26 Zo bleef Mozes staan in de poort des legers, en zeide: Wie den HEERE toebehoort, kome tot mij! Toen verzamelden zich tot hem al de zonen van Levi.

27 En hij zeide tot hen: Alzo zegt de HEERE, de God van Israel: Een ieder doe zijn zwaard aan zijn heup; gaat door en keert weder, van poort tot poort in het leger, en een iegelijk dode zijn broeder, en elk zijn vriend, en elk zijn naaste!

28 En de zonen van Levi deden naar het woord van Mozes; en er vielen van het volk, op dien dag, omtrent drie duizend man.
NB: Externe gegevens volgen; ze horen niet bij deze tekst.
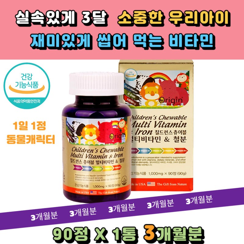 Money Otter Chewable Nutrients Children's Multivitamin Children's Nutrients 8 Types of Vitamins Niacin Folic Acid Iron Growing Children / 머니수달 씹어먹는영양제 칠드런스 어린이멀티비타민 어린이영양제 비타민8종 나이아신 엽산 철분 성장기어린
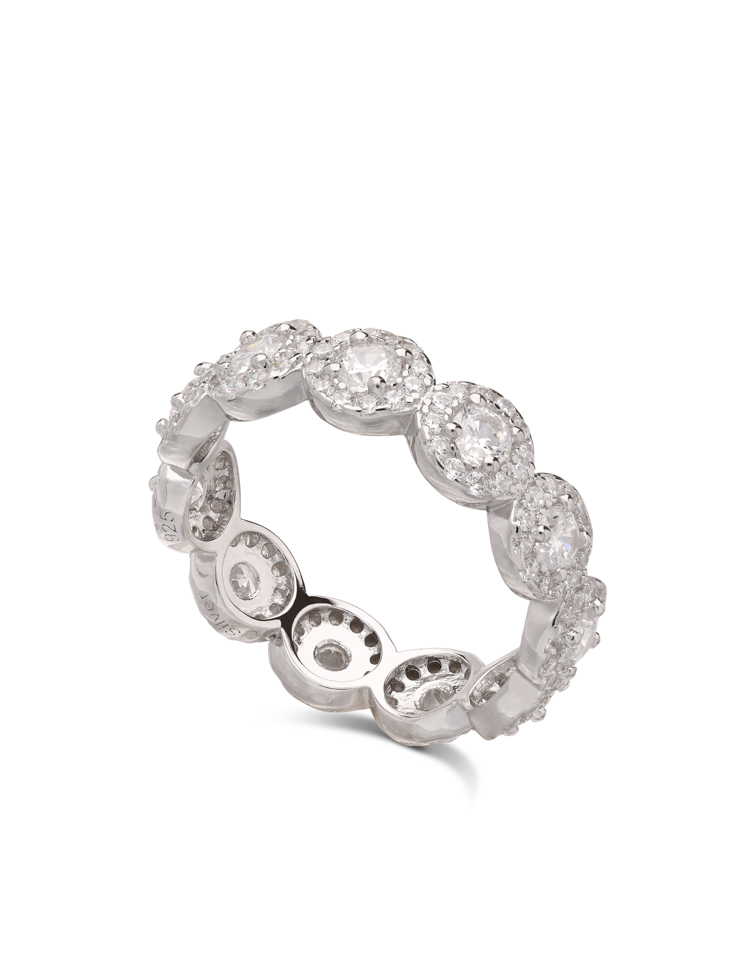 Anillo Delicado, Plata 925 bañada en rodio, Zirconia cúbica artificial, Claro, Círculo, Artificial, Color plateado, 3.82 g

29 Want Mozes had gezegd: Vult heden uw handen den HEERE; want elk zal zijn tegen zijn zoon, en tegen zijn broeder; en dit, opdat Hij heden een zegen over ulieden geve!

30 En het geschiedde des anderen daags, dat Mozes tot het volk zeide: Gijlieden hebt een grote zonde gezondigd; doch nu, ik zal tot den HEERE opklimmen; misschien zal ik een verzoening doen voor uw zonde.

31 Zo keerde Mozes weder tot den HEERE, en zeide: Och, dit volk heeft een grote zonde gezondigd, dat zij zich gouden goden gemaakt hebben.

32 Nu dan, indien Gij hun zonden vergeven zult! doch zo niet, zo delg mij nu uit Uw boek, hetwelk Gij geschreven hebt.

33 Toen zeide de HEERE tot Mozes: Dien zou Ik uit Mijn boek delgen, die aan Mij zondigt.

34 Doch ga nu heen, leid dit volk, waarheen Ik u gezegd heb; zie, Mijn Engel zal voor uw aangezicht gaan! doch ten dage Mijns bezoekens, zo zal Ik hun zonde over hen bezoeken!

35 Aldus plaagde de HEERE dit volk, omdat zij dat kalf gemaakt hadden, hetwelk Aaron gemaakt had.